Melanie said she was always working, though she wasn’t always at the lab. How, if you are a scientist, can you just stop thinking about ideas? Of course you can’t. Some of the best ideas get written in those little notebooks, or in EverNote on your phone. I suppose that’s why my creativity course, sadly now over, told me always to carry a way of recording ideas. A break in routine can allow those new ideas to flourish. We may be in Oxford, Melanie may be visiting her home country, but with a computer and a notebook, work comes along.

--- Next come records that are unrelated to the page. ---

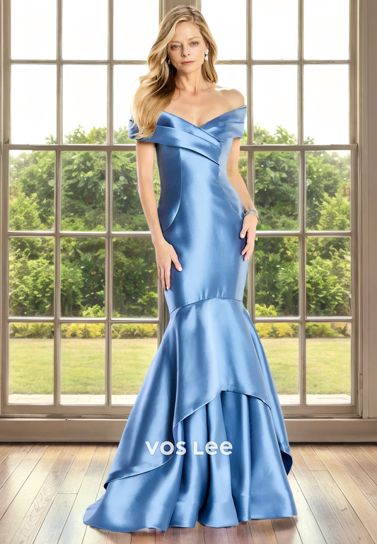 Trumpet/Mermaid V-Neck Off Shoulder Sweep Train Satin Mother of the Bride Dress/Cocktail Dress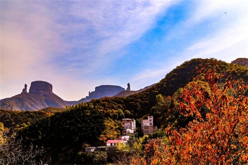 4、嶂石岩:位于石家庄赞皇县,主峰黄庵垴海拔1774米。景区以丹霞地貌为主,岩壁呈红色,垂直高度超过200米。嶂石岩地貌命名源于此地,特点是长墙状山体与阶梯状陡崖。景区内有回音壁、九女峰等自然景观,回音壁实测回音效果达85分贝。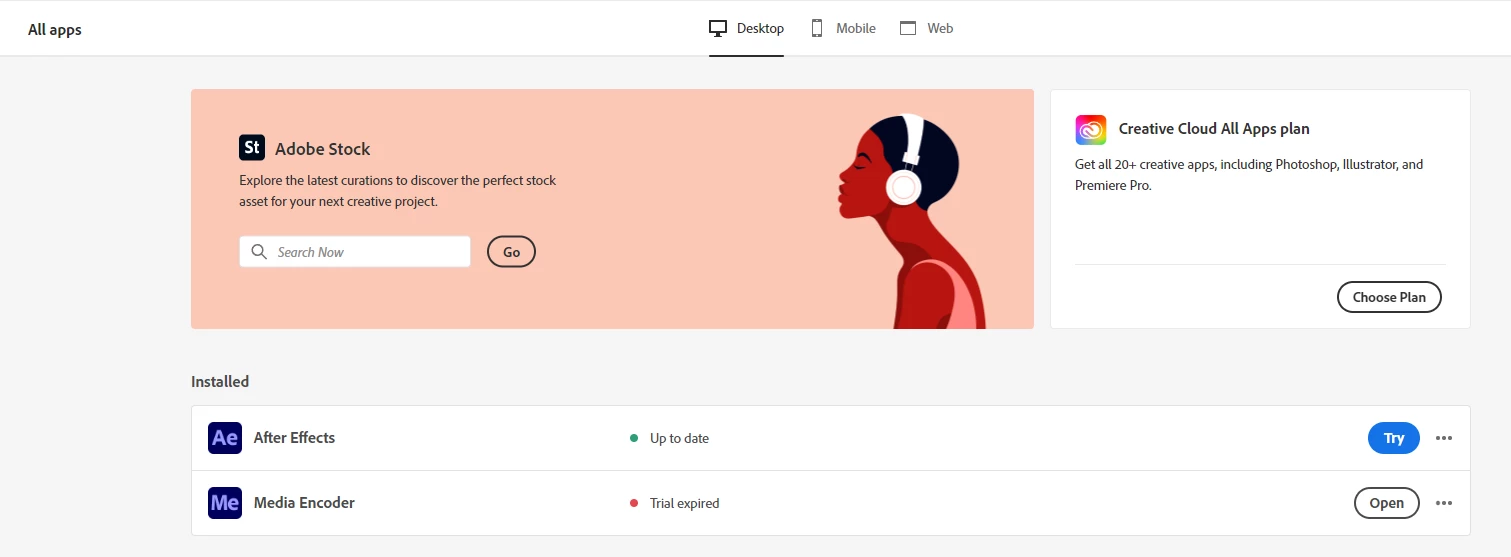 When I click my account overview, it has all the details of my plan there. However the only things under the "Available in your plan" section on All Apps | Adobe Creative Cloud are bridge, photoshop express, and the creative cloud desktop app. After effects and Media Encoder only display as the trial versions. If i try going through 'buy now' the pop up says 'you already own this program', so I'm stuck in a loop where I'm able to use what I'm paying for.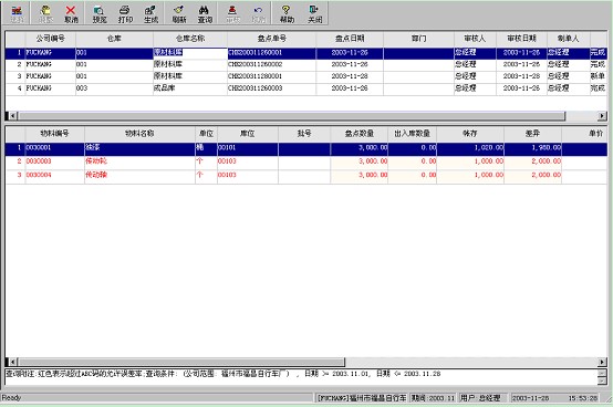 盤點完成后,系統自動生成盤點盈虧數,經過審批,系統就按盤點數對帳存進行調整,使實際數與帳存數保持一致.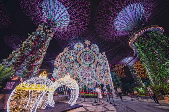 After breakfast, take a bus to visit [Citizen District], [Singapore Cricket Club], [Parliament Building] and [National Gallery of Singapore]. Enjoy the beautiful scenery of Marina Bay at [Merlion Park], then visit Thian Hock Keng Temple, one of the oldest Buddhist and Taoist temples in Singapore, and then go to [Chinatown] and [Little India]. Finally, go to [Gardens by the Bay] - Christmas Wonderland, a special Christmas project, to experience the full Christmas joy - Santa Claus, Christmas markets, light shows and various entertainment activities. Take the evening flight to Kuala Lumpur. Upon arrival, a dedicated person will hold a sign at the exit to pick you up and take you to the hotel.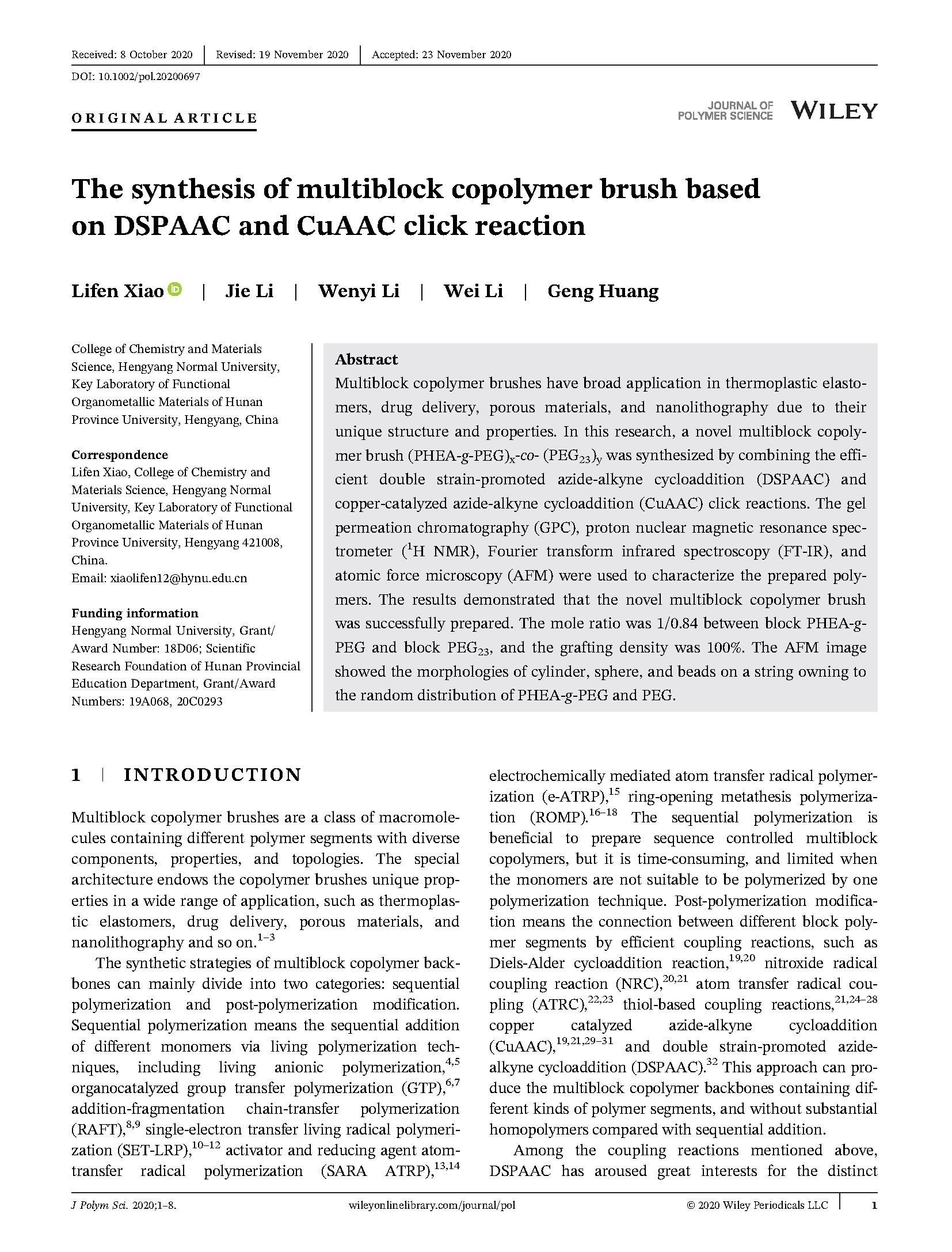 (4)Xiao Li-Fen, Li Jie, Li Wen-Yi, Li Wei, Huang Geng. The Synthesis of Multiblock Copolymer Brush Based on DSPAAC and CuAAC Click Reaction. Journal of Polymer Science, 2021, 59: 100-107.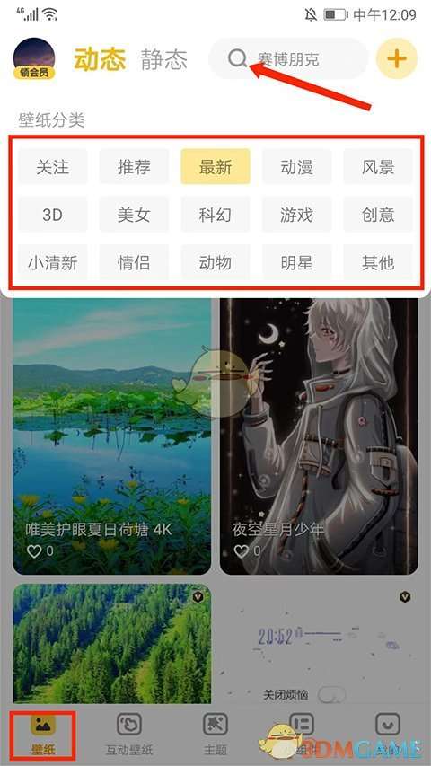 1、打开元气动态壁纸app,进入动态壁纸界面,包括【推荐】、【风景】、【科幻】、【游戏】、【小清新】、【情侣】等壁纸分类,用户可根据喜欢进行选择,也可以选择【放大镜】图标进行壁纸搜索,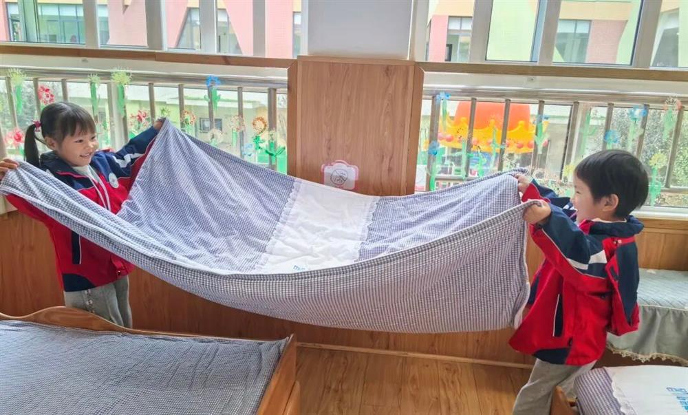 孩子们迫不及待用上新方法,有的两两合作抻平被子,有的学着用夹子固定边角,小心翼翼地尝试新叠法。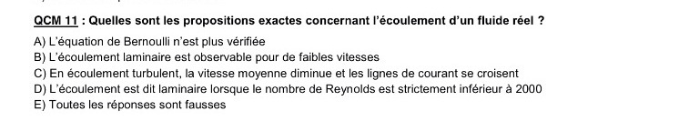 Bonjour :) Juste une petite question a propos de l'item D (compté juste) de ce qcm, dans un des qcm du prof pourtant on considerait que l'ecoulement etait laminaire pour un nombre de Reynolds inferieur ou EGAL a 2000, du coup je me demandais si on pouvait le compter faux? :cute:

Organizing research, writing, and planning is a challenge, so I’m always interested in how other people do it. I know that night and day at the lab bench is not the best way, but it is hard not to admire people always at the bench. I asked Melanie Ghoul how she organized her time between her microbial experiments and the very interesting review on cheating that she is writing with her mentor, Ashleigh Griffin and Stuart West. She said that right now she worked on the review in scraps of time when she was not in the lab, but that sometimes she would take as much as a month away from the lab to plan a set of experiments, read, and work on the review. For me, that inspired a lovely image of a huge piece of paper with different experiments and flow diagrams whose details addressed all the challenges of research. I imagined the time to actually read the papers necessary for the best plan, perhaps between strolls along a windy beach, or up steep mountain trails. I imagined the time to think of all the caveats that might come along. I imagined a plan that made sure all the materials were on hand, the sample size deemed adequate with power analyses. Of course, you should always do this, plan as much as possible, and abandon any plan as soon as it doesn’t fit.
For us, it was fun to hear of Melanie’s plans and work, and to see she was completing a paper on a topic we had begun many years ago and jettisoned when complexities overwhelmed us and other things were pressing. I wondered why we quit, but had to remember one of the hardest and most important things is knowing when to leave a project and move on. Working on something just because you began it and invested a lot is not a good reason, though it is a common failing. It is called the Concord Fallacy. I wonder what I’m working on right now that should be abandoned in the future. Worrying about this is why we try hard to stick to big ideas and tractable plans. Leaving hard work behind is painful.